Несомненно, быт народов Кавказа, в советское время, претерпел большие изменения. Медицинские и образовательные учреждения, школы и  детские площадки сыграли положительную роль в цивилизованном движении и разностороннем развитии горцев Кавказа. Однако постоянная борьба советской власти с культурным достоянием народов Кавказа, зачастую приводила к скрытому конфликту и формализации общественных отношений между обществом и властью. К тому процессы социалистических преобразований проходили неравномерно среди различных народов региона. Отстававшие от темпа коммунистических  реформ, а значит не вполне сознательные, в идеологическом плане народные массы следовало заклеймить и наказать, теми же  методами что и «врагов народа».
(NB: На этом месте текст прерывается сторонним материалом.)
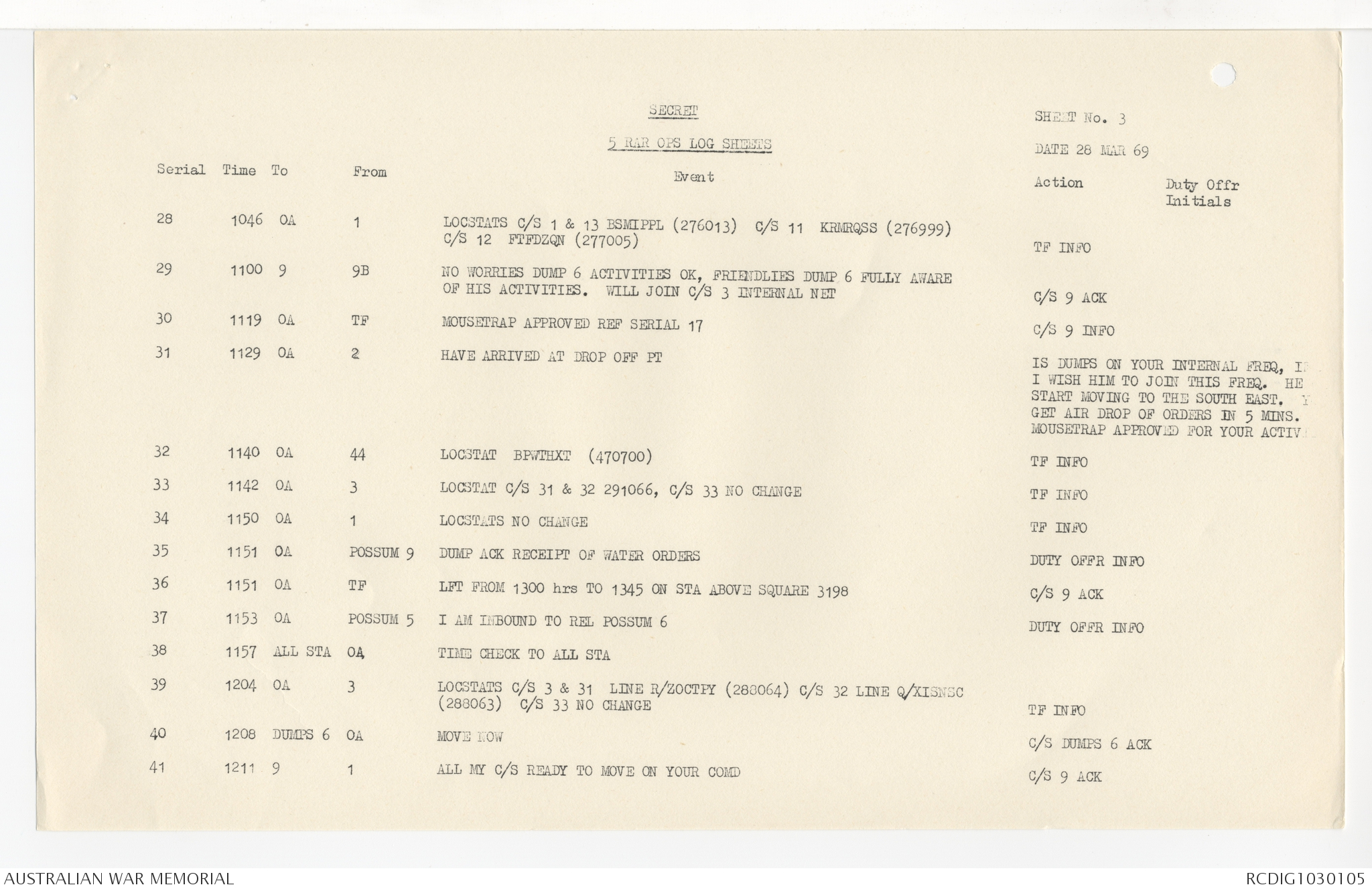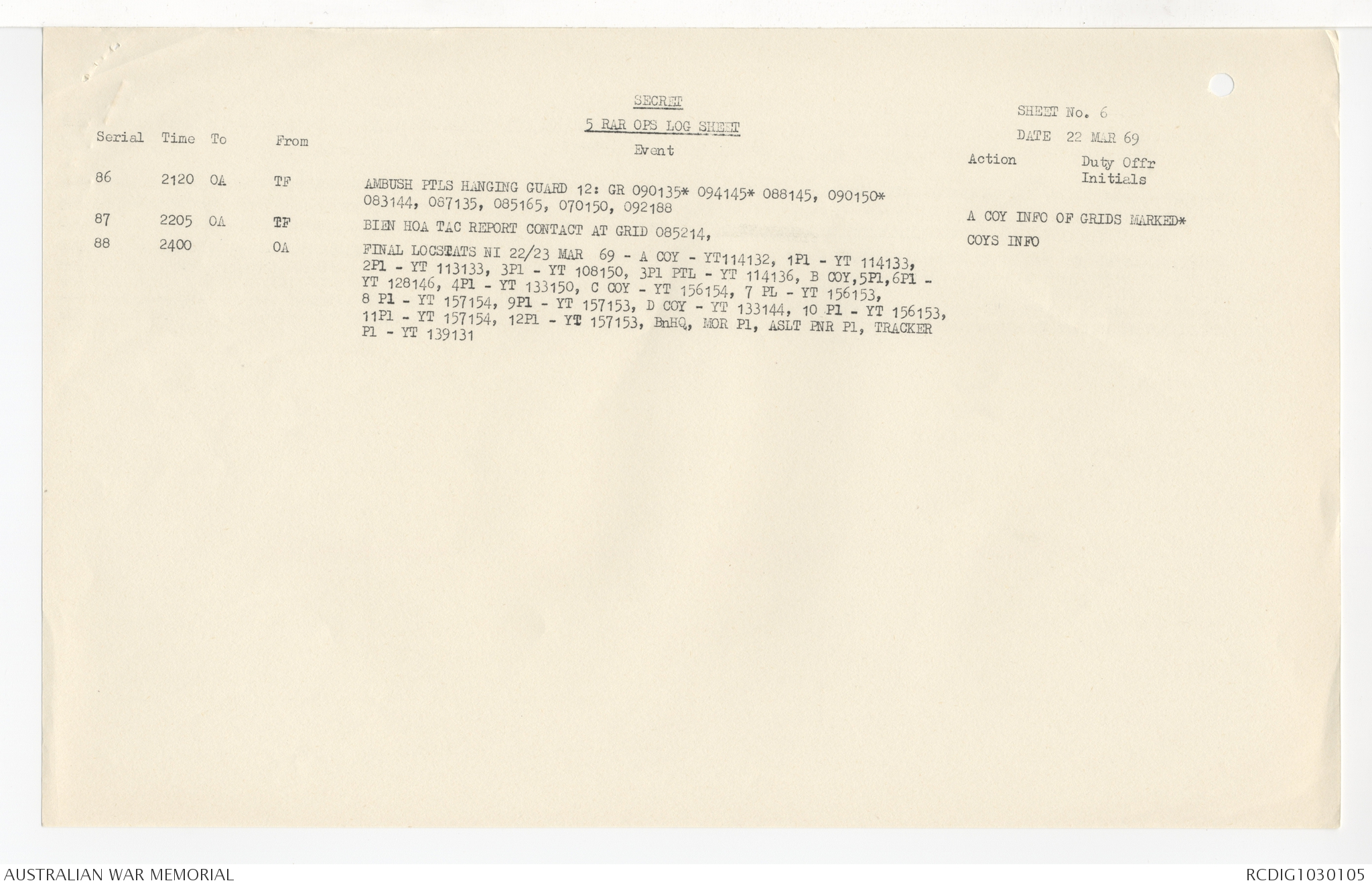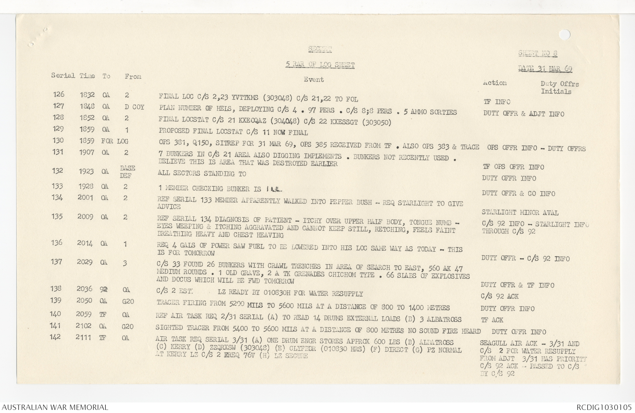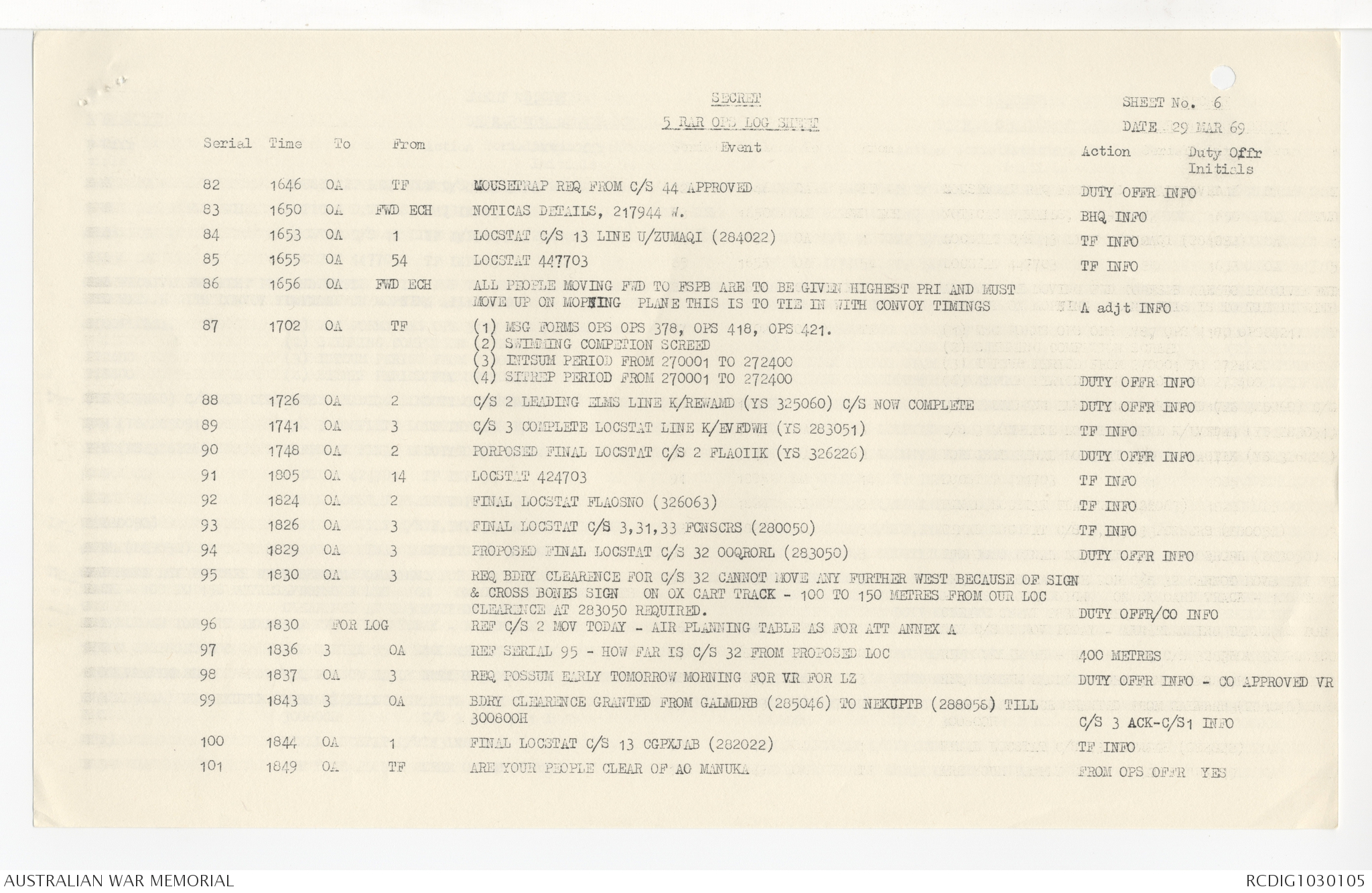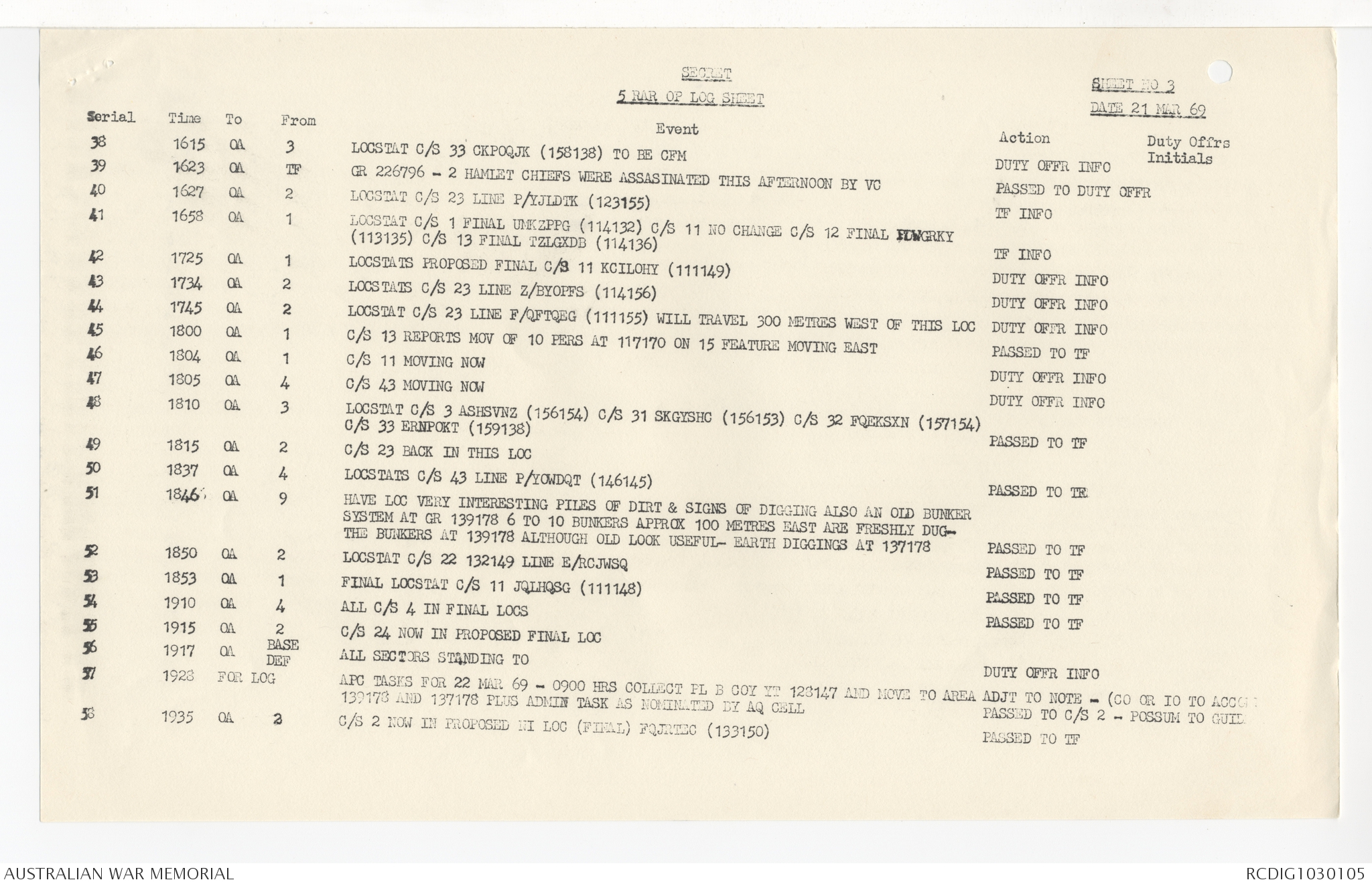 AWM95 7/5/21 - 1-31 March 1969, Annexes

Когда поражение немцев в Великой Отечественной Войне стало очевидным,   правительство  Советского Союза, во главе с И.В. Сталиным подготовило и осуществило беспрецедентные, по своей бесчеловечности  репрессивные санкции,  против     народов Кавказа.   По прихоти великого «кормчего» и верхушки Советской  власти. С Северного Кавказа были высланы  в холодные степи средней Азии и Казахстана следующие народы: чеченцы, ингуши, балкарцы, карачаевцы. Представителей репрессированных народов, которых по каким - то причинам не удалось погрузить в вагоны для перевозки скота, специально предоставленные для выселения народов,  расстреляли без суда и следствия. Лишенные гражданских прав репрессированные народы, как и высланные казаки, крымские татары, турки - месхетинцы и немцы Приволжья, были обречены «народной властью» на гибель. Справедливости ради нельзя не указать, что большинство из высланных народов проповедовала Ислам.
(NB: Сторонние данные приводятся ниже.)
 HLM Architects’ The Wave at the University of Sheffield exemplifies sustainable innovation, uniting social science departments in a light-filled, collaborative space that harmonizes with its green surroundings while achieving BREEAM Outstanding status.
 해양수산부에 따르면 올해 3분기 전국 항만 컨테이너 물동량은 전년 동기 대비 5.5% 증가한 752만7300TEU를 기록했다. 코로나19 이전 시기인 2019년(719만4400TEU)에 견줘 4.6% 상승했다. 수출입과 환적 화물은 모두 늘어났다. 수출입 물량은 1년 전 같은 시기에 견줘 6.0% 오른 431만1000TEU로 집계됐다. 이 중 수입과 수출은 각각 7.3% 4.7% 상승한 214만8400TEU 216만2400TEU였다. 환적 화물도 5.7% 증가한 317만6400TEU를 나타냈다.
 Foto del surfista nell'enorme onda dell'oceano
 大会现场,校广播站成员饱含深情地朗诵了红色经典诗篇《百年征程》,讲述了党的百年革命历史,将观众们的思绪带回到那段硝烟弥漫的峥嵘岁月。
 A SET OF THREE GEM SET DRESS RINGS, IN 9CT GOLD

 Земли высланных народов раздали между  соседними  народами, в соответствии с лучшими традициями советской национальной политики, выстроенной на древнем   принципе «Div;de et imp;ra». Народы поплатились за трудности в перевоспитания на советский лад. Послевоенное пространство страны должно было представлять, по замыслу вождя, пространство с идеологический нивелированной массой, готовой в любой момент пожертвовать собой ради идеалов коммунистического строя.
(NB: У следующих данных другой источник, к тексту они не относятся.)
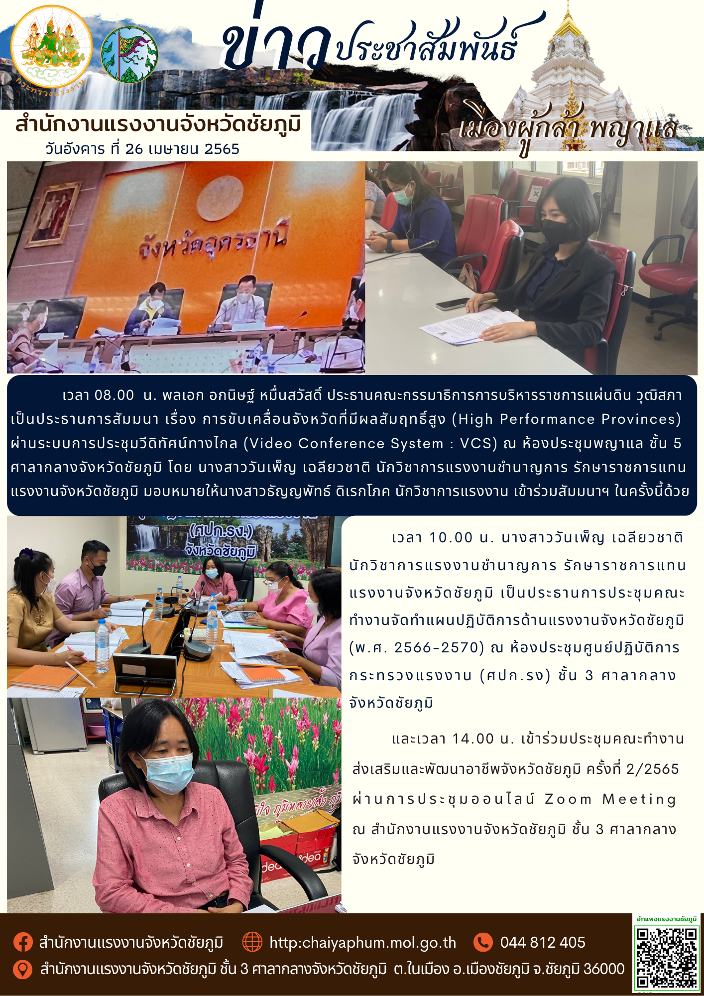 พลเอก อกนิษฐ์ หมื่นสวัสดิ์ ประธานคณะกรรมาธิการการบริหารราชการแผ่นดิน วุฒิสภา เป็นประธานการสัมมนา เรื่อง การขับเคลื่อนจังหวัดที่มีผลสัมฤทธิ์สูง (High Performance Provinces) ผ่านระบบการประชุมวีดิทัศน์ทางไกล (Video Conference System : VCS) ณ ห้องประชุมพญาแล ชั้น 5 ศาลากลางจังหวัดชัยภูมิ /และการประชุมคณะ ทำงานจัดทำแผนปฏิบัติการด้านแรงงานจังหวัดชัยภูมิ (พ.ศ. 2566-2570) ณ ห้องประชุมศูนย์ปฏิบัติการกระทรวงแรงงาน (ศปก.รง) ชั้น 3 ศาลากลาง จังหวัดชัยภูมิ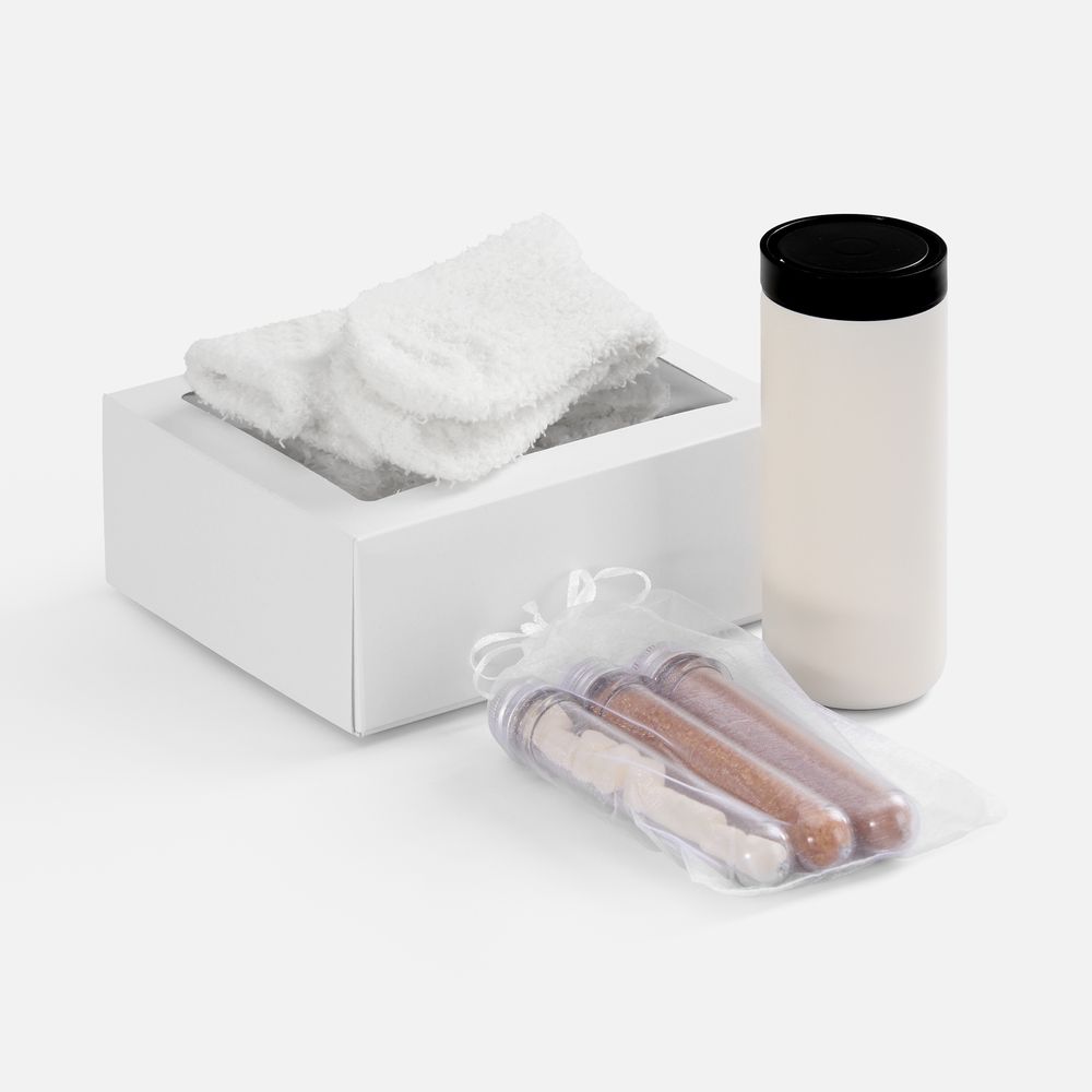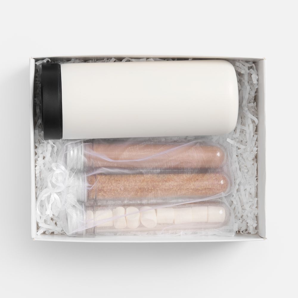 Домашний и такой уютный набор Heimen демонстрирует триумф тепла и комфорта. Чашка ароматного какао с нежными маршмеллоу в стильном термостакане, нежные объятия пушистых носков на ногах — то, что нужно для расслабляющего и умиротворяющего вечера. Набора для приготовления какао хватит на две чашки — можно устроить мини-посиделки или оставить на потом себе, любимому.Heimen. Все уютное просто.

Советская власть зачисляла  в  наследие  темного прошлого, с которым необходимо было бороться такие ценности как религия, патриархальные семейные отношения, национальные обряды, обычаи, морально – этическую систему регламентации взаимоотношений. Регулятивная культура Кавказа отменялась Советской властью,  в пользу нового образа жизни выстроенной на утопической коммунистической морали, культивировавшей такие безнравственные, с позиции кавказской этики, явления как доносительства, распущенность нравов, беспредельное чиновничье хамство и традиционную для этой касты, коррумпированность. 
Усилия Советского времени по изживанию форм культурных феноменов народов Северного Кавказа, способствовали деградации этнокультурного основания и маргинальности  зарождающихся нравов, размыванию базовых ценности.